La ley está inscrita así, el contrato está escrito así. Resulta que esa es el fatídico destino por haber nacido en esta democracia representativa, que somos ciudadanos y estamos regidos por tal contrato.

Claro que, inmediatamente, el redactor del artículo, sabiendo que en el fondo de la cuestión es esto lo que se oculta -a pesar de haber gastado la mitad de su texto hablando sobre "mandato categórico"-, ofrece la solución. Algo que muy pedantemente llama "ingeniería constitucional", un vocablo muy chistoso, sobre todo si tomamos en cuenta que viene de un hacedor de publicidades. Esta "ingeniería constitucional" no sería otra cosa que modificar las leyes. Simple y sencillamente. Pero claro, ese vocablo de "ingeniería" que lo hace parecer tan moderno y profesional, parece sonar menos aparatoso que reformas y enmiendas a la Carta Fundacional del Estado. Claro que él no lo dice sin fundamento: Esa ingeniería de chupatintas vendría a fincar los procedimientos democráticos para la elección de nuestros mandamáses de turno. Osease, la profesionalización de la política. Bueno, la cuestión aquí es simple y sencilla. Tal y como está el panorama en la llamada "clase política" -un término repugnante, ya que da por sentado que hay una diferencia entre gobernados y gobernantes, es decir, los que hacen la política y los que no nos queda más remedio que sufrirla-, lo único que haría un sistema semejante sería todavía concentran con más virulencia el ir y venir de los apellidos de los mismos. ¿O no habrá en su institución partidista de turno, un buen mozo o moza que esté dispuesto a dar y entregar su trabajo y esfuerzo por el bien del VII Distrito Federal y justamente tienen que llamar a la fila a un alcaldesa en funciones? Si de democratizar las instituciones se trata...

Y aún más peligroso que esa ironía, es el hecho de que aquí nuestro articulista de por sentado lo que ya muchos clamores solicitan en esta democracia representativa: la profesionalización de la política. Que aunque parece un inocente reclamo porque sus servidores públicos sean eficaces, en realidad, parece estar clamando por la institucionalización de esa separación entre goberantes y gobernados, y recalcar el hecho de que la política es la mera administración de la ciudad, es una mera economía del Estado. Cuando la política tendría que ser otra cosa.

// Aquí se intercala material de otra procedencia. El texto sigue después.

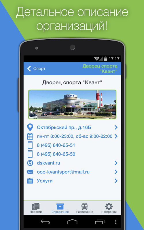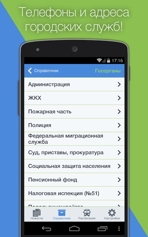 В приложении есть и контакты городских организаций. Справочник постоянно пополняется. В нем Вы найдете телефоны, адреса и графики работы управляющих компаний, участковых пунктов полиции, автоперевозчиков и т.п. Если Вы застряли в лифте, пригодится специальный раздел "Экстренное" - в нем собраны контакты "Лифтека". Здесь же - телефоны круглосуточной аптеки, ветклиники, травмпункта и т.д.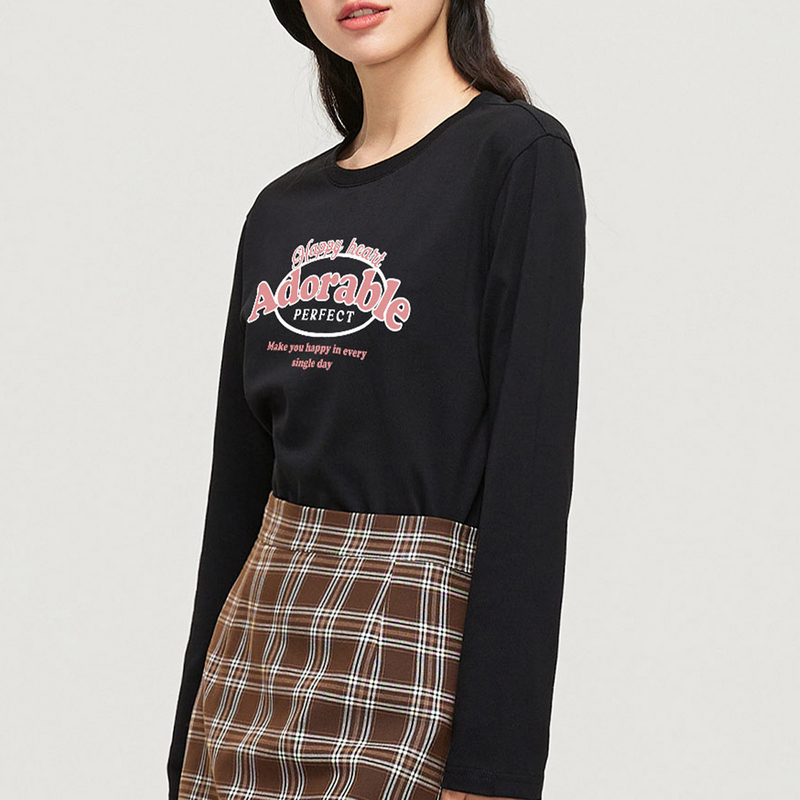 YD真维斯女装春秋简约时尚英文印花潮流百搭休闲长袖T恤洋气上衣
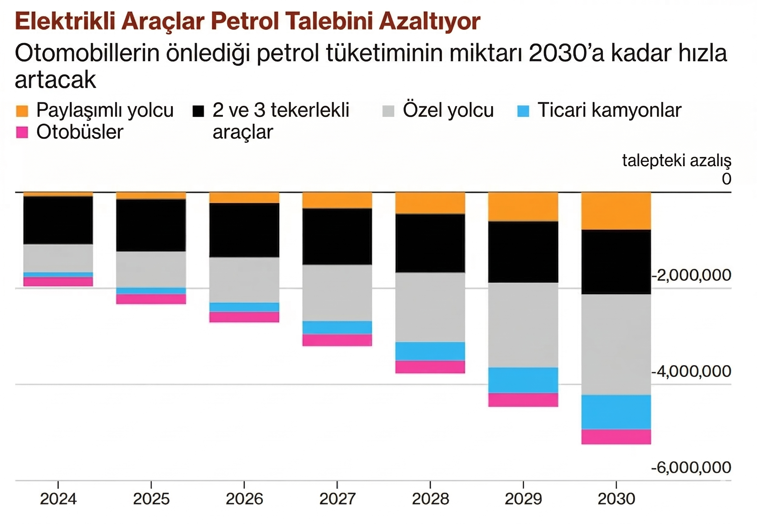 BloombergNEF tarafından hazırlanan bir modelleme senaryosuna göre, elektrikli araçların artan küresel benimsenmesi önemli bir tasarruf yarattı. Bu araçlar geçtiğimiz yıl günde 2,3 milyon varil petrol tüketimini önlemeye yardımcı oldu.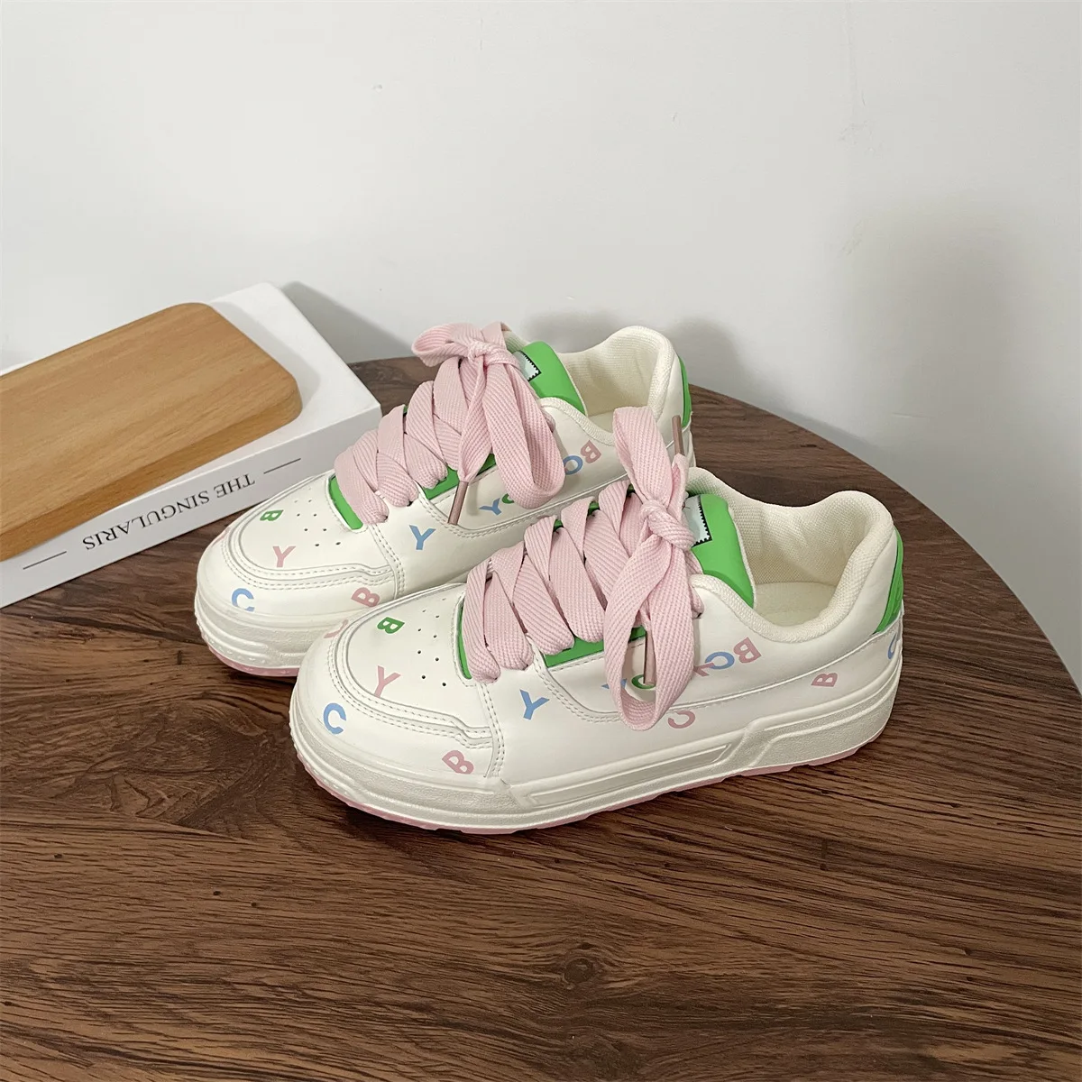 KYLETHOMASW - Casual Low-Top Student Sport Sneakers Fashionable All-Match New Arrival Letters Graffiti Thick Bottom Women Shoes Tenis De Mujer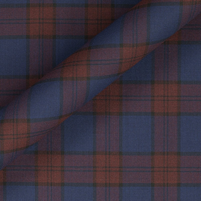Fancy fabric,in pure wool,made with higly twisted yarns.In shades of blue and red.Fabric guarantees natural crease-resistance,perfect for tailoring suits and dandy business travel style.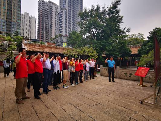 在农讲所纪念馆,陈丹雄同志带领党员们重温入党誓词,铿锵有力的誓言彰显了全体党员矢志不渝的初心。随后,陈丹雄同志带领党员们认真听取相关陈列的介绍,瞻仰毛泽东同志塑像,详细了解我党早期领导人办学讲学培养革命骨干的光辉历史。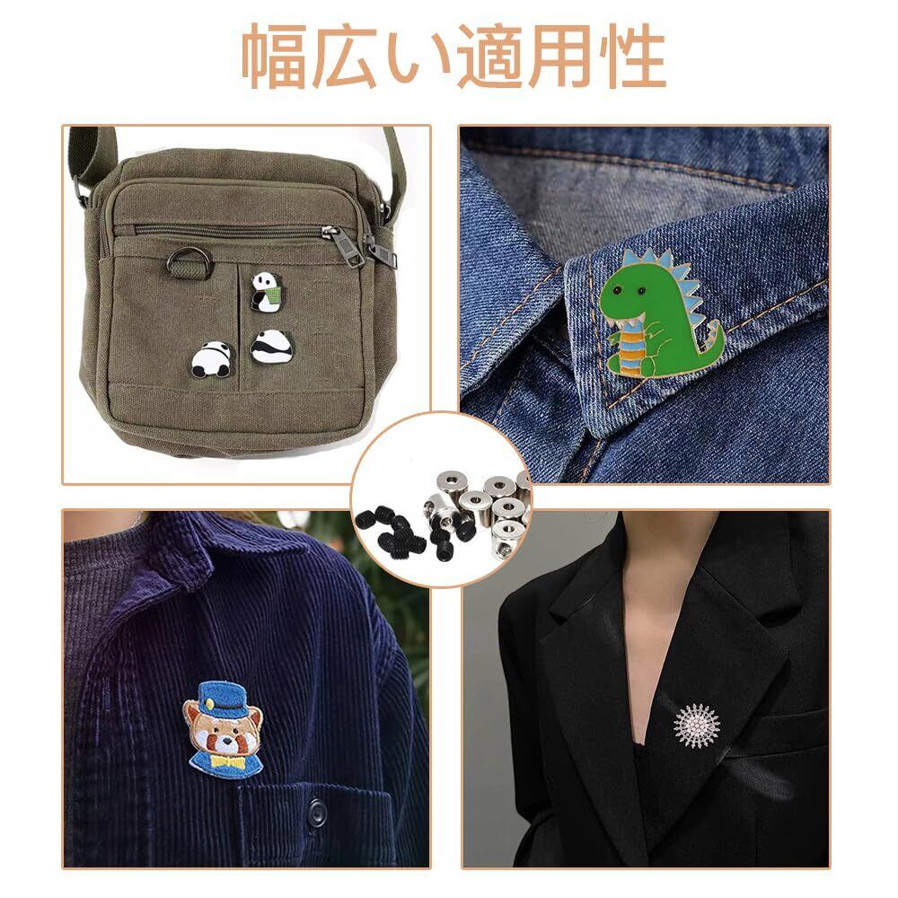 【用途】ネジ留め金具を使用して、服、荷物、デニムパンツなどにバッジを取り付けることができます。ジュエリー、バッジ、帽子、ネクタイ、胸花、バックパック、タグ、DIYパーツ、おもちゃなどに適しています。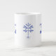 Un tazón de 20 onzas esperando tu bebida caliente de elección, declarando tu estado de alio SR y marcado con una toma, todo en azul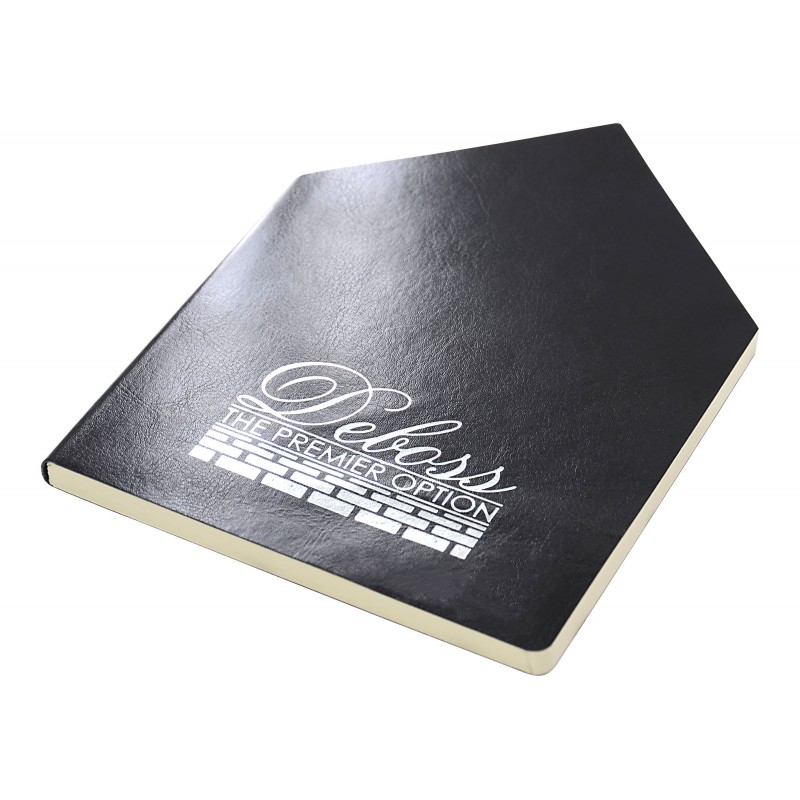 The House A5 Notebook is a perfect gift for the real estate, construction and home services industries. Crafted in the shape of a house, this notebook features a leather-feel soft cover, stylish flush-cut design and 160 pages of lined cream paper. These notebooks are available in Black with decoration options such as Pad Print, Deboss or Gold/Silver Foil Printing. If youre after a debossed notebook, check these out!

Pero ya lo decía la canción: "¡Ay, perogrullo, / si tuvieran las cortes / consejo tuyo!". ¿Valdrá la pena recordar una vez más eso que decía Aristóteles allá por los 400 antes de nuestra era, esas verdades de Pedro Grullo: Que la ciudad no es una casa. Que la pólis no es oikós y que como tal la política no puede ser economía. Y por lo tanto hablar de políticos profesionales es hablar de la constitución misma del régimen de la Realidad que estamos padeciendo, y contra lo que desde aquí, como se pueda y podamos, estamos en pie de guerra de palabras.


P.D.

Y que quede constancia que a esa alcaldesa en lo particular no le deseo mal alguno, que luego se prestan estos escritos a maledicencias y venganzas entre ciudadanos. Aquí se intentó -se logró o no, quién sabe- hablar como si fuera cualquier otro. E inclusive, si bien le asienta, le digo yo que si no fuera por la entrega de La Pastora a las garras de ese consorcio de muerte y meados embotellados llamado FEMSA, hasta la habría considerado igual de mediocre y sin lucimiento ni especial vergüenza como tantas otras a la zaga y que le seguirán después.